11. 経験について
昔からよく、小説家は経験していないことは書けないというお話を目にすることがある。
個人的には、アニメや映画を観て小説を読み、音楽を聴いて想像することはそれぞれ経験のひとつだと思っている。それらによって、経験値はある程度補完できると思う。
ただ、実際に身をもって体感したことで、よりわかるようになったと思うこともある。
就職して二年目の頃、その少し前にすごく行ってみたいと思っていたバルセロナ五輪にはまだ学生で行くことができず、やっと一週間のツアーで旅したスペインの空、あの考えられないくらいの青さだとか。

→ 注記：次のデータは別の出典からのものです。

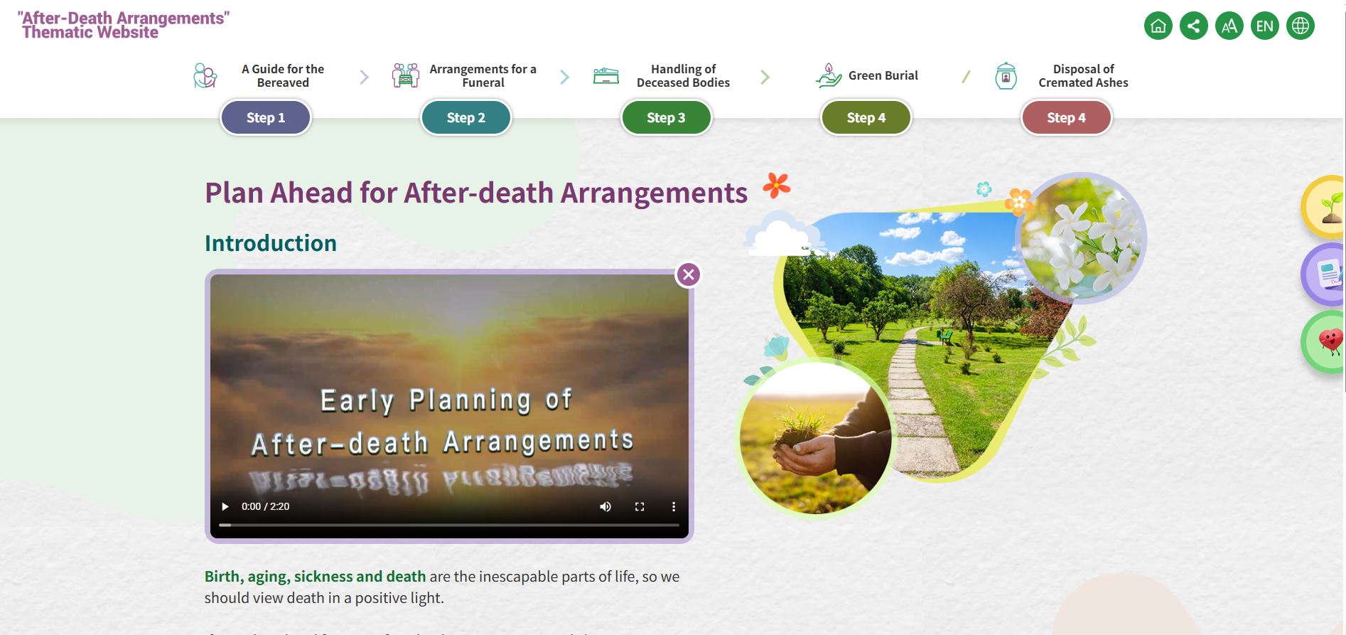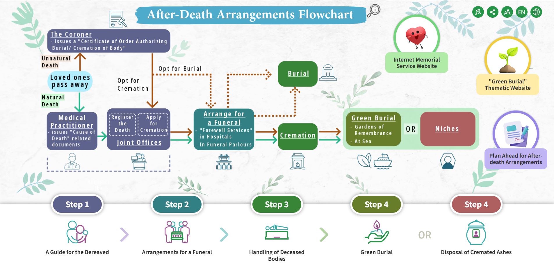A new thematic website - "After-death arrangements" was launched on November 15, presenting a road map for after-death arrangements from death to disposal of the deceased, either by burial or ash disposal in niches or scattering in Garden of Remembrance or at sea in a precise and concise manner. The road map captures the four major after-death steps.

若い頃に転校や受験など、自分ではどうしようもない人生的な出来事が原因で、お別れとなってしまった人たち。それを失ったとき感じていた言い様のない寂しさや、失恋したときに文字通り、胸にぽっかり穴が空くってこういうことを言うんだなという気持ちとか。
私は過去に二回、つま先と膝のお皿の骨がかけてしまったことがあるのだが、そのときの、骨折した場所のことしか考えられないような痛み。些細なことでは、ハードコンタクトがずれてしまったときの、目のことにしか意識がいかないような痛さとかもね。
祖母が大往生的に亡くなったとき、がんばったねえという気持ちとともに、多分一生忘れないなと思う出来事があった。
今でもあれは偶然だと思っているけれど、空にすうっと一本の飛行機雲が、龍みたいにたなびいていた。当時私は、家族の転勤の関係で金沢に住んでいたのだけれど、その雲を見たとき、私は内心熊本弁で、「うわー、おばあちゃん来とらす!(=来てる! の意)」と思った。
そしてその雲を見つめていたら、北陸には人生で一度も行かなかっただろう祖母の声で「こがん綺麗なところに住んどったとね(=こんなに綺麗なところに住んでたんだね)」と熊本弁で聞こえてきたように感じたことだとか。
私はスピリチュアル的にはかなり鈍い方で、そういったことを感じることはかなり少ない。でも、今でもこれを書いていてうっかり涙ぐむくらいには、私の中で真に迫ったことだったなあと思う。
心は自由で、どこにでも飛んでいける。
それは、テレビの映像を見ているだけでも可能だ。
そして、それだけでも心の糧みたいなものになって、経験のひとつにできると思っている。
SNSなどで、経験がなければ小説は書けないと言われて、揺れている方の投稿を目にする度に思う。
ほんとうのところは、想像力では補えない要素があることも知っているけど。
でも、私たちが持っている想像の翼を広げるということは、時には自分の人生を乗り切る、あるいは相手の心の痛みをほんの少しでも救う、大きな力になることもあるんだぜ。(ちょっと今、自分を奮い立たせるために男言葉になっていますが失礼します。)
自分が大好きだと思うことを書いていいと思うよ。もちろん、公序良俗にはちょっと配慮して、それを出すサイトは選ぶ必要があるから、それは少し考えながらね。
そうしてまずは傷ついた自分が安らいだり、その後で似た傷を持った人たちや、そうでない人たちまで楽しんだり心が和んだりするならば、そんなすばらしいことはないと思う。
経験が活きるというのは、そういうことではないかと思うのだ。